The biogas system will address three major health hazards: the practice of open defecation; the use of charcoal and wood in cooking which leads to heavy smoke inhalation and environmental risks; and the use of heavy chemicals in farming.

The biogas system implementation is part of a larger project that aims to improve water, sanitation, health, education, economic self-sufficiency, and food security in the intervened community in Ghana.

The research team will determine feasibility and acceptability of the biogas system; assess attitudes and knowledge of this technology over time; and better understand barriers to sustaining this intervention as well as factors that promote novel technology.
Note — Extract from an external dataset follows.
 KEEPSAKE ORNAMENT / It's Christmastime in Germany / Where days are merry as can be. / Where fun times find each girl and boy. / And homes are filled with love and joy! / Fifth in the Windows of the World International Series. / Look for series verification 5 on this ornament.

“If, through this project, we can implement and foster uptake of the biogas system that is planned, we will be able to reduce or perhaps stop open defecation, reduce use of wood and charcoal in cooking, and increase use of organic methods for farming,” said Swenson.
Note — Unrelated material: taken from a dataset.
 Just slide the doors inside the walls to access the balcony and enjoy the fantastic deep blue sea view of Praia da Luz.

“Addressing these three issues can have major health benefits to the community.”

Sarah Logan, Ph.D., an MUSC researcher, will also contribute to this study as a co-investigator.
 

Julie Kanter, M.D.
assistant professor, Department of Pediatrics
College of Medicine

“Partnership screening  program for sickle-cell disease in St. Vincent and the Grenadines”

Sickle cell disease is one of the most commonly inherited blood disorders worldwide. SCD affects one out of every 375 African-American infants in the United States alone.

In Jamaica, however, the estimated incidence rate for SCD is one out of every 150, showing a need for screening programs in the Caribbean. Kanter and her colleagues plan to design and implement a pilot program in St. Vincent and the Grenadines—where no screening program exists—to screen neonates to determine the incidence of sickle-cell disease.

Preliminary data will be collected to assess the utility of universal neonate screening for sickle-cell disease as a means to develop a larger cost-effectiveness study to demonstrate the feasibility of neonatal sickle-cell disease screening programs to reduce morbidity and mortality rates universally.

Shelly-Ann Williams, M.D., a Grenadian and fellow in the Neonatal and Perinatal Medicine Department, and Susan Reed, D.M.D., are co-investigators on this study.